WORK INSTRUCTIONS.
When you write out the listing, keep each word exactly as it stands but include none of its images.

++++ AVAILABLE DATA ++++

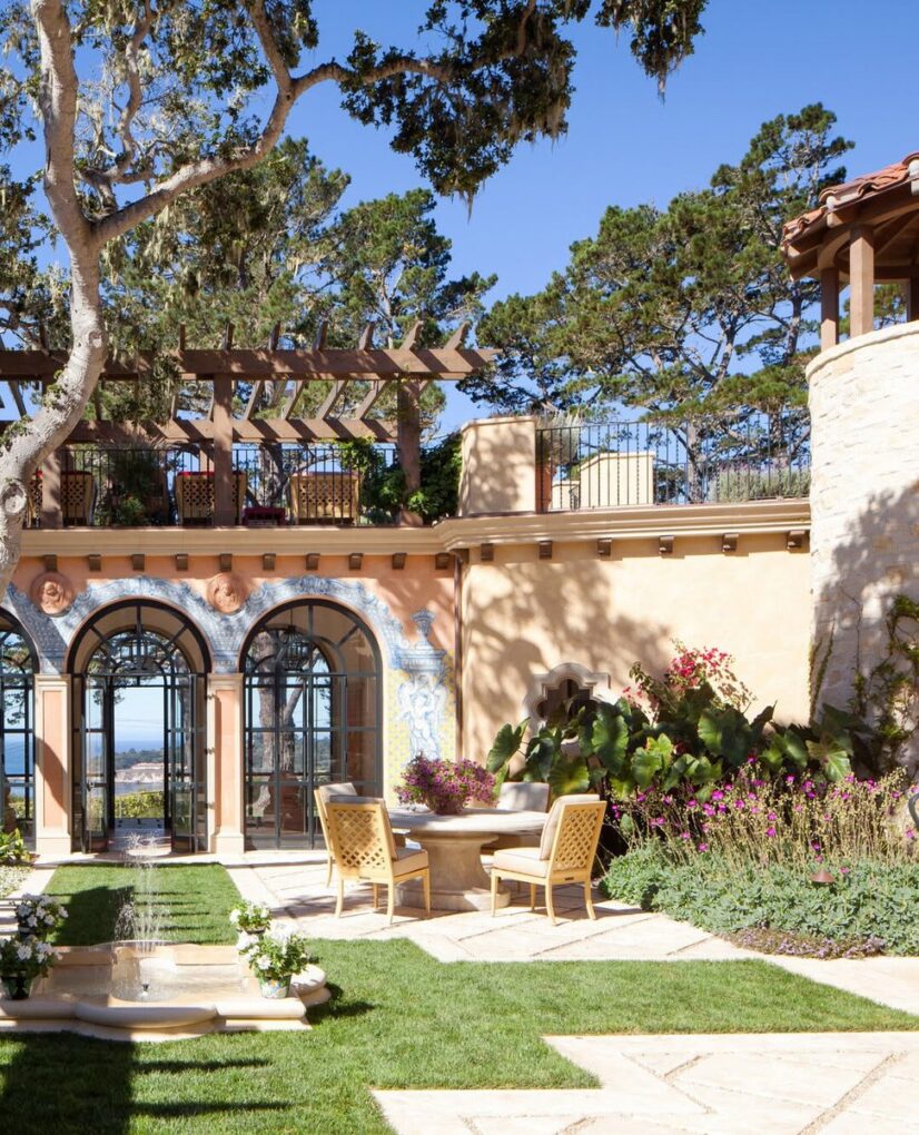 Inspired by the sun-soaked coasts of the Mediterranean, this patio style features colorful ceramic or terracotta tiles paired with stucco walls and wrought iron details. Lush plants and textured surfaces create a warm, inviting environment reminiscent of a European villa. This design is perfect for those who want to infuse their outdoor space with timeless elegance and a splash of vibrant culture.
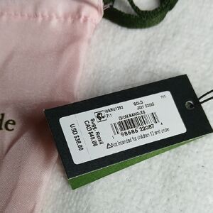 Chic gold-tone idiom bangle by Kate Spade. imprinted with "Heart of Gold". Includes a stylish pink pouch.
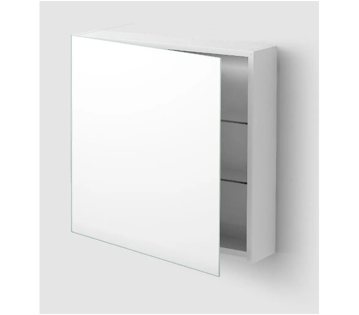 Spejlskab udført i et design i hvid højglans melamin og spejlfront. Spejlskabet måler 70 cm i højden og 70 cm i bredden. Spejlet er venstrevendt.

++++

ANSWER AREA.
 Inspired by the sun-soaked coasts of the Mediterranean, this patio style features colorful ceramic or terracotta tiles paired with stucco walls and wrought iron details. Lush plants and textured surfaces create a warm, inviting environment reminiscent of a European villa. This design is perfect for those who want to infuse their outdoor space with timeless elegance and a splash of vibrant culture.
 Chic gold-tone idiom bangle by Kate Spade. imprinted with "Heart of Gold". Includes a stylish pink pouch.
 Spejlskab udført i et design i hvid højglans melamin og spejlfront. Spejlskabet måler 70 cm i højden og 70 cm i bredden. Spejlet er venstrevendt.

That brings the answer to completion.